I have a multi-label classification problem that I am trying to solve with Neural Network using Tensorflow 2.
The problem - I am trying to predict a cause
and its corresponding severity
. I can have n
number of causes and each of the causes can have m
possible severity.
Let's say for simplicity
- number of causes = 2
- number of each causes possible severity = 2
- So we essentially have 4 possible outputs
- We also have 4 possible input features
I wrote below code -
import tensorflow as tf
from tensorflow.keras.layers import Dense, Flatten, Dropout
from tensorflow.keras import Model
from tensorflow.keras.callbacks import ModelCheckpoint
def get_model_multilabel(n_inputs, n_outputs):
opt = tf.keras.optimizers.SGD(lr=0.01, momentum=0.9)
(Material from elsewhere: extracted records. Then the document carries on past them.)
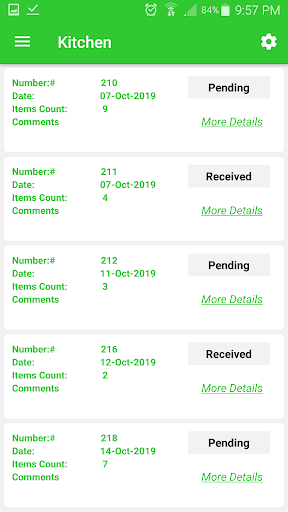 - Kitchen Received Status only.
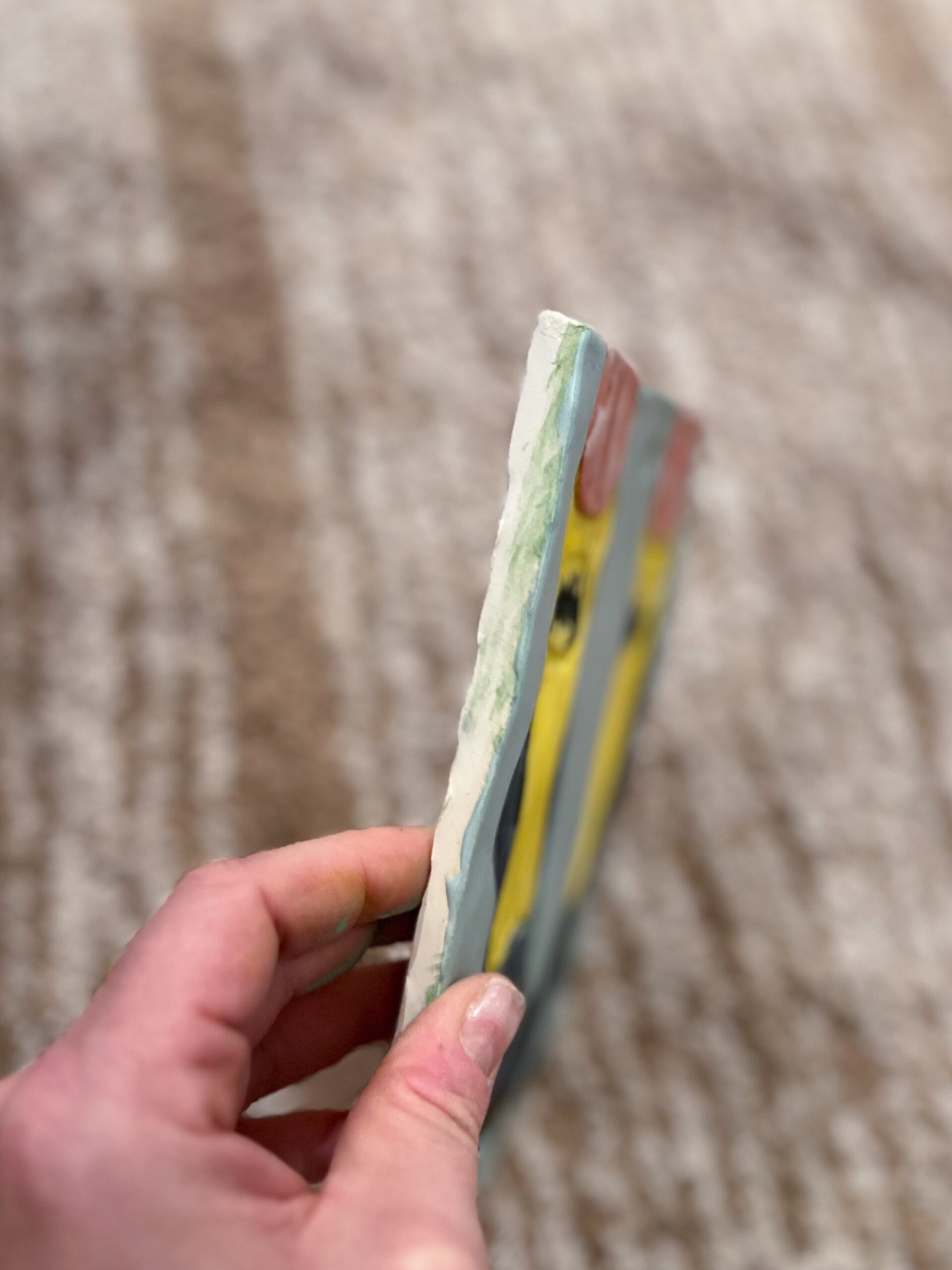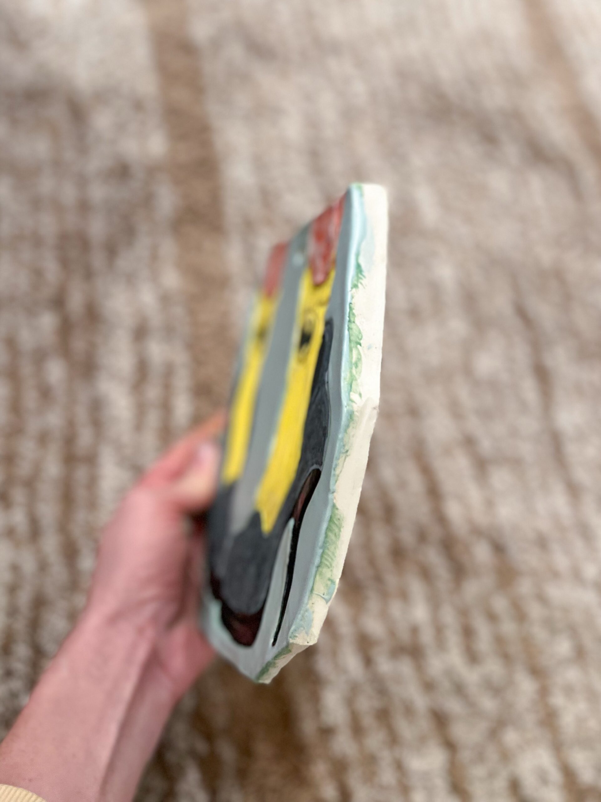 - Sjov info: Her har jeg trykket mit linoleumssnit ned i leret. Motivet findes også som UNIKA-linoleumstryk.
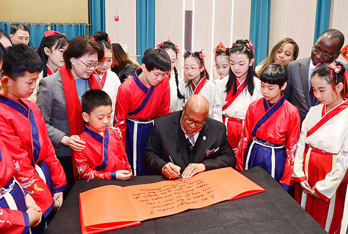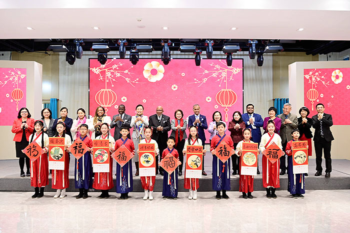 After their meeting, Huang and Francis wrote calligraphies and drew paintings with children at the China National Children's Center (CNCC) to welcome the coming Chinese New Year.
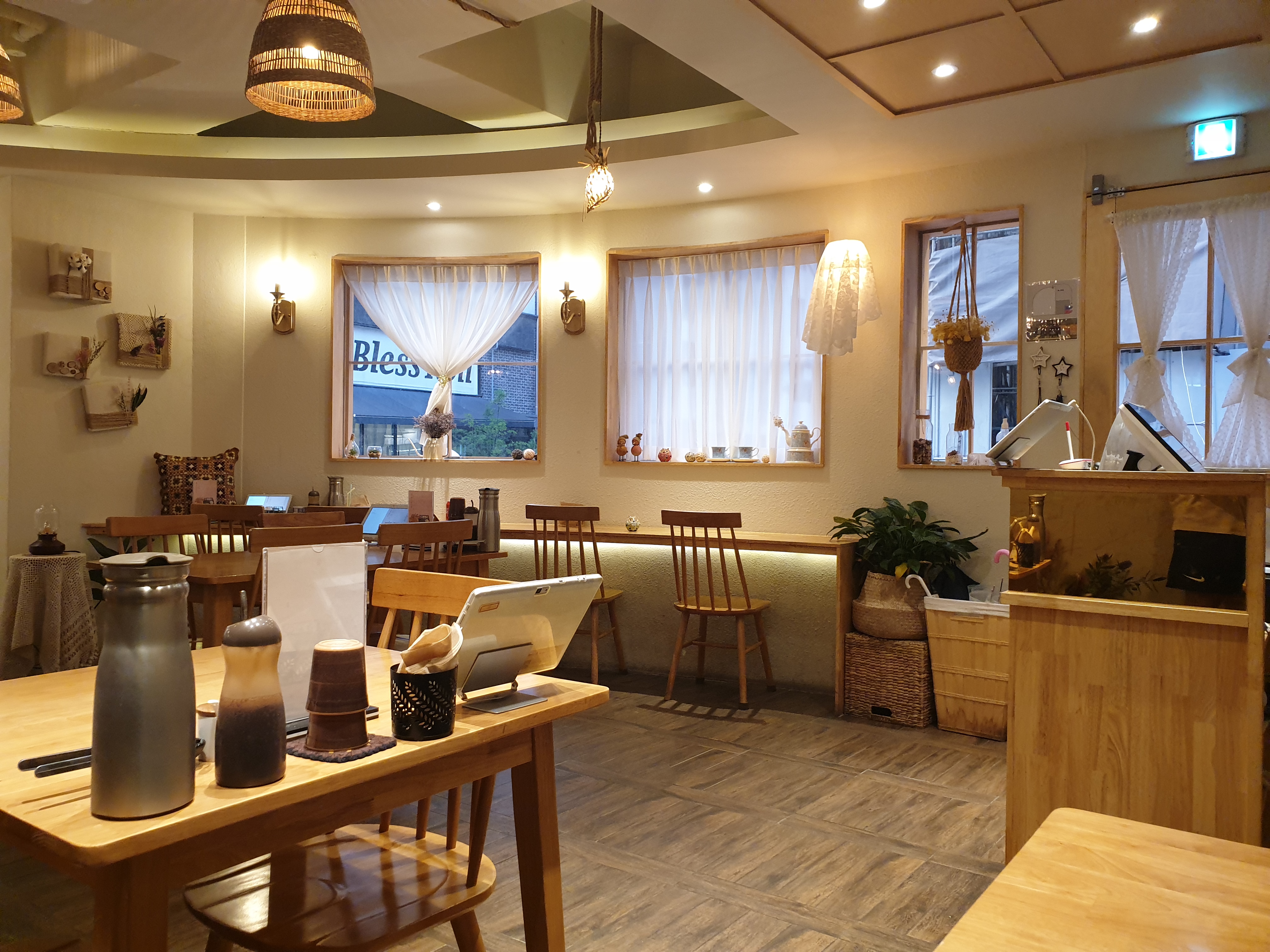2인 좌석과 4인 좌석이 모두 있고 테이블 간의 거리가 적당해서 식사하기에 불편하지 않았습니다.
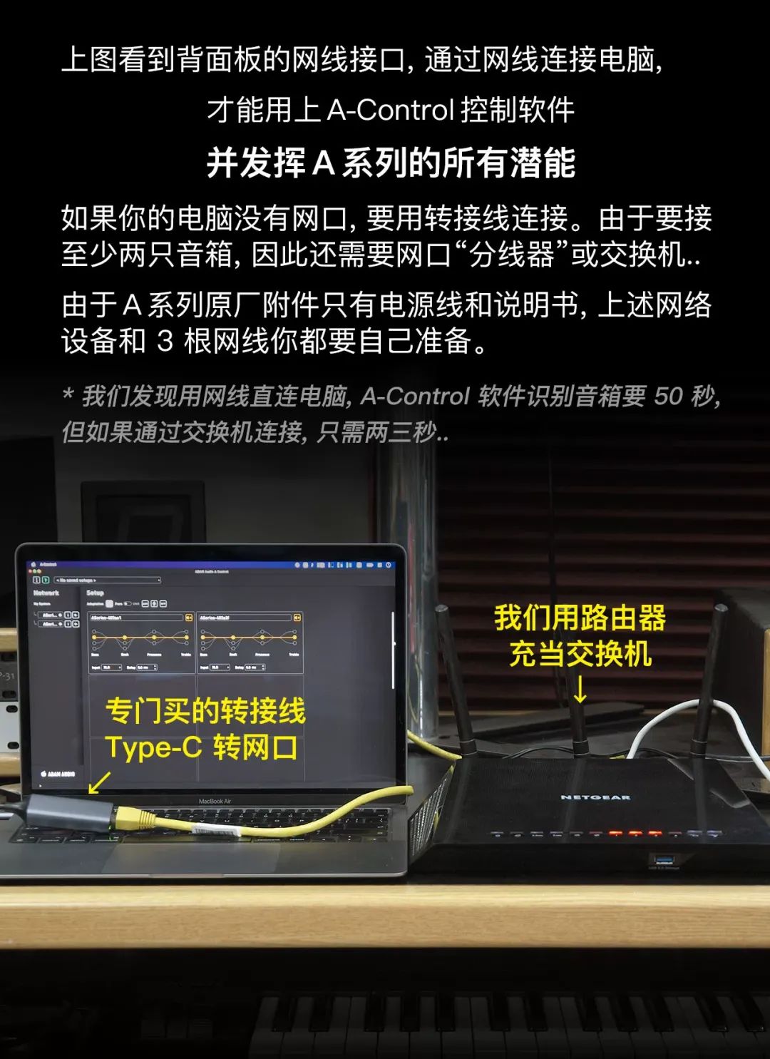 还有一点,如果电脑网口连接音箱,电脑就无法通过 WIFI 上网,需要很复杂的设置。
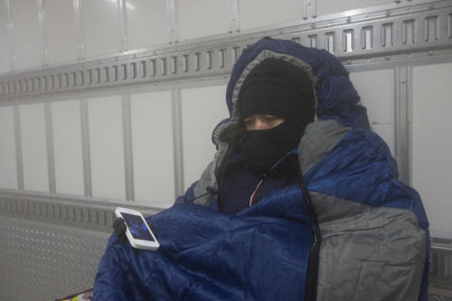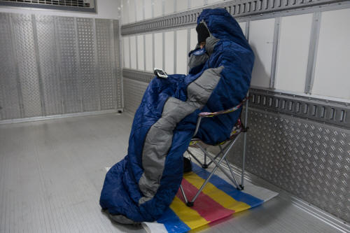 凍傷になられても困るので、こんな時のためにと用意していた、冬用のシュラフを装備。
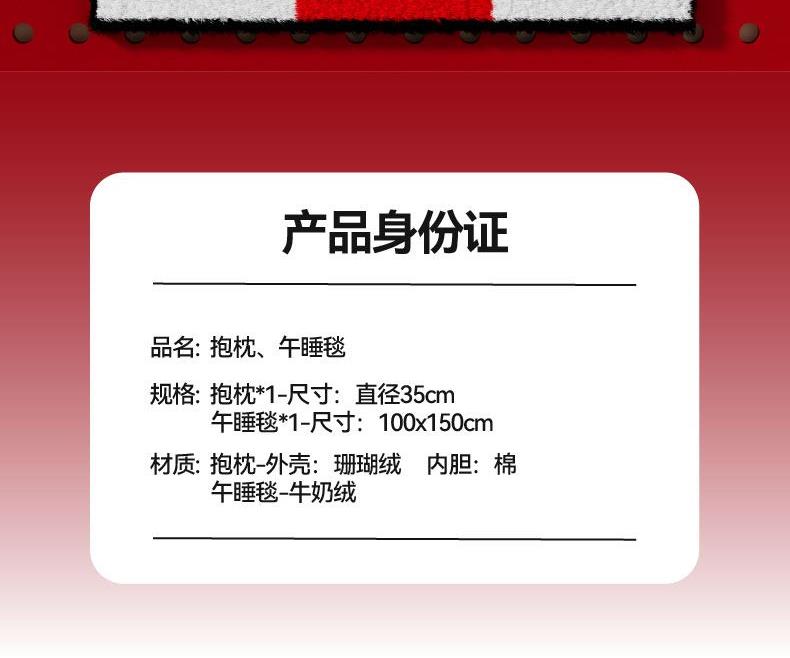 设计元素以铜钱为灵感 寓意提前暴富、风生水起 一枕多用,是抱枕也是盖毯 还能当腰靠、头枕 美观、实用、寓意兼备 午睡毯 尺寸:100x150cm 材质:牛奶绒 抱枕 尺寸:35cm直径 材质:外壳-珊瑚绒 内胆-棉 卖点:材质柔软舒适/一枕多用
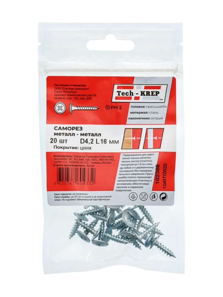Саморез с п/ш4,2х16 бел. (20 шт) - пакет Tech-Krep
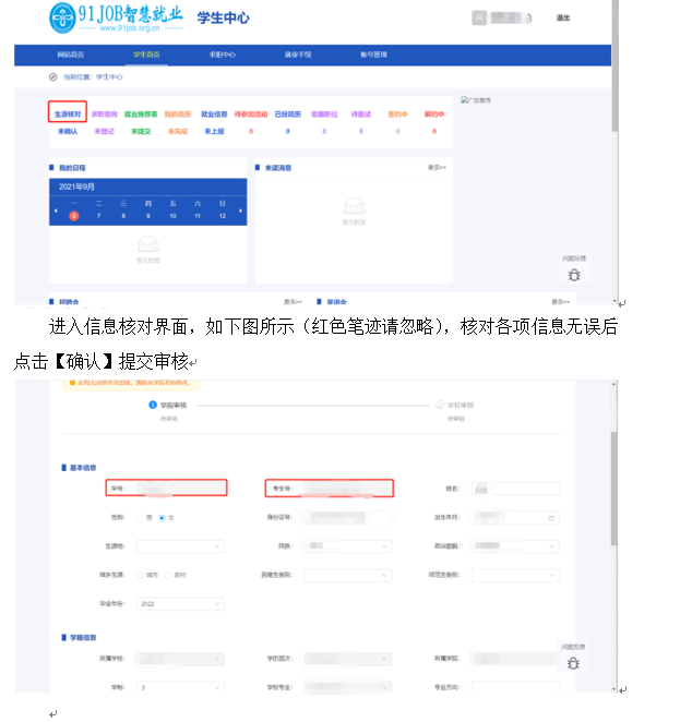 根据江苏省高校招生就业指导中心的通知,近期将进行2022届毕业生生源信息上报工作,因此请各院、系、所于9月14日晚12:00前,完成2022届毕业生的生源信息核对工作和提交。以下是学生进行信息填写、核对的流程。所有信息均需要核对,定向生还需填写委培单位。

model = tf.keras.models.Sequential([
#input layer
Dense(10, input_dim=n_inputs, kernel_initializer='he_uniform', activation='relu'),
## two hidden layer
Dense(10, kernel_initializer='he_uniform', activation='relu'),
Dropout(0.2),
Dense(5, kernel_initializer='he_uniform', activation='relu'),
Dropout(0.2),
## output layer
Dense(n_outputs, activation='sigmoid')
])
model.compile(loss='binary_crossentropy', optimizer=opt, metrics=['accuracy'])
return model
n_inputs = 4 # because we have 4 features
n_outputs = 4 # because we have 4 labels
mlmodel = get_model_multilabel(n_inputs, n_outputs)
## train the model
mlmodel.fit(X_train,y_train, epochs=50, batch_size=32, validation_split = 0.2, callbacks=callbacks_list)
X_train.shape
is (1144, 4)
and
y_train.shape
is (1144,)
Note the sigmoid
activation in the last layer and the binary_crossentropy
loss function as I am trying to model a multi-label classification problem. Reference How do I implement multilabel classification neural network with keras
When I train this, it throws error
ValueError: logits and labels must have the same shape ((None, 4) vs (None, 1))
Not sure what am I missing here. Please suggest.